With Love to You All,

P.S. Take care of yourselves, and be good. That’s all you have to do. Today I also sent Marion a telegram. I thought I should.


December 26, 1941 (postmarked December 29)

Dear Mom and Family

Hi folks. Well here it is the day after Xmas. Hope you all didn’t let anything keep you from enjoying it.

I received your bundle of Xmas gifts and I thank you all. We haven’t had a food shortage as yet but it was good and with the help of a few of the boys we consumed the most of it. Your cake was delicious and that was item I hated to part with but it’s all gone so – . Everything arrived in fine shape.
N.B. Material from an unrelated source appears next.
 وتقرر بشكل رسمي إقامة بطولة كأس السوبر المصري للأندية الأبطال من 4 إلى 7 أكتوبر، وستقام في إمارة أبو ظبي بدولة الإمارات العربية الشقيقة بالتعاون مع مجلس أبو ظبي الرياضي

No wonder the way it was done up. If you ever wanted a recommendation as as [sic] a bundle girl just let me know.

I felt put out not being able to send a little something home besides a card but I’m sure you all understand. Later probably I’ll have some time and send a few tardy gifts. I bought a pen and pencil set for Marion about 3 months ago and as yet haven’t found a chance to send it.

I lost quite a bit of money but managed to save most clothes and my insurance policy. I can always get more of what I did lose. Several of the fellows lost some to [sic]. Others bought cars and lost theirs that way when the cars were destroyed that Sunday. I’m quite sure I had it in my pocket, but then as well as now it’s the least of my worries. I still have enough till payday which is only a few days off.
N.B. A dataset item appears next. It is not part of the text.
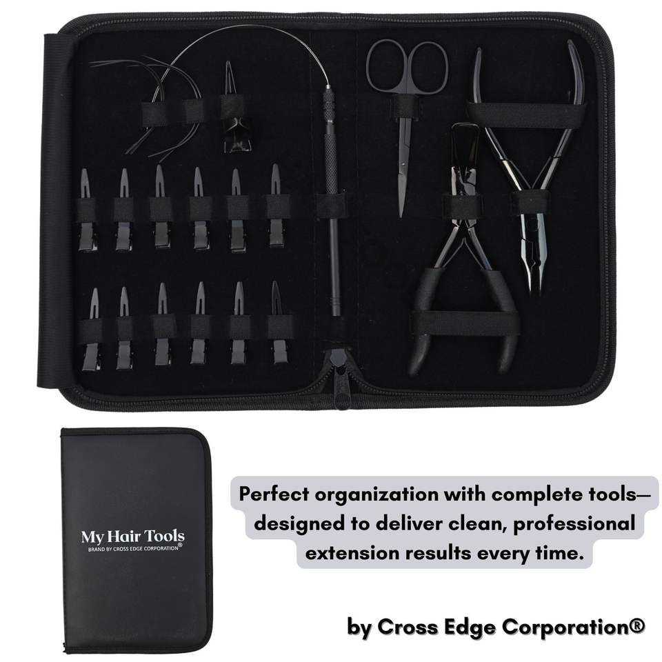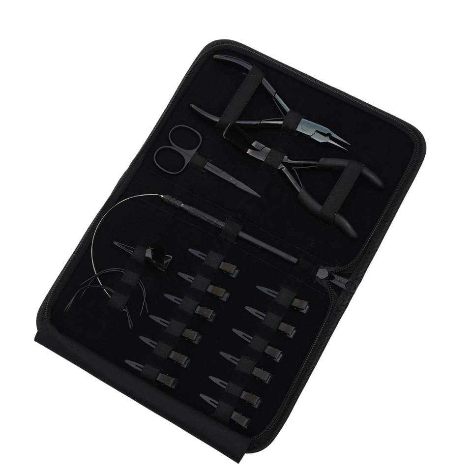 ชุดเครื่องมือต่อผมสีดำสำหรับร้านเสริมสวย พร้อมคีมถอดลูกปัด

Mom I have received your telegram and only forgot to mention if before, sorry. Hope you received mine. I also hope I get some mail from home soon all I get is cards from Eva (?) and Marion, etc.

It’s pretty hard to write letters now because we have to be so carefull [sic] what we write, because it wouldn’t do to have mail containing anything which would harm us here get into the wrong hands.

Another thing from now on address my mail in the following way.

Corporal (Corp.) Henry G. Rieth
No. 21
Wheeler Field
Ter. Haw.

Our squadron can’t be written on either the envelope or the letter although we are the same outfit as No. 21. Our work is coming along swell the only difference is that now we are kept more busy, and now I have a ship of my own.

I just sampled your nut bread and I think it’s pretty good. I think that if Pop didn’t beat me to it, I’d marry you myself.

I went up to the hospital with Johnnie to see a few of the boys. I guess they’ll all pull through O.K. Paul was pretty bad but he’s swell now and Sampson (?) the fellow from Brockton is still pretty bad. He and a few fellows are gone back to the mainland. I’m glad for them because they’ll get better much quicker there. Paul will be back with us soon because the way he’s improved is proof that he’s got what it takes. I started kidding him about only the good dying young and that’s the reason he got off so easy. He’s type of a guy that doesn’t even cuss or drink anything stronger than a coke so he got a kick out of it.

Well folks I go on duty in about an hour so I’ll close for now and will try to write again soon. See you again.

Love To You All,


P.S. Everything in the bundle was O.K. and tell Elizabeth that the snow ball was pretty cute. The wallet will come in handy for next pay day. I want to add again to please not worry, either one of you. Everything is under control now and worrying is only a foolish pass time [sic] and a lot of wasted time. Promise.

Take care of yourselves.

Love again,


Just received your Xmas cable gram. Thanks alot [sic].

About the Author – 

Corporal Henry G. Rieth served as an airplane maintenance technician in the Sixth [6th] Night Fighter Squadron (Named 6th Pursuit Squadron (Interceptor) on December 6, 1939; Redesignated: 6th Fighter Squadron on May 15, 1942; Redesignated: 6th Night Fighter Squadron on January 17, 1943) then 1010th Army Air Force Base Unit (B), serving from August 1940 to an honorable discharge in May 1945. Reith served 55-57 months in the Army, 39 months overseas, including experiencing the attack on Pearl Harbor while stationed in Hawaii. Rieth’s parents immigrated to the United States from Germany in 1914.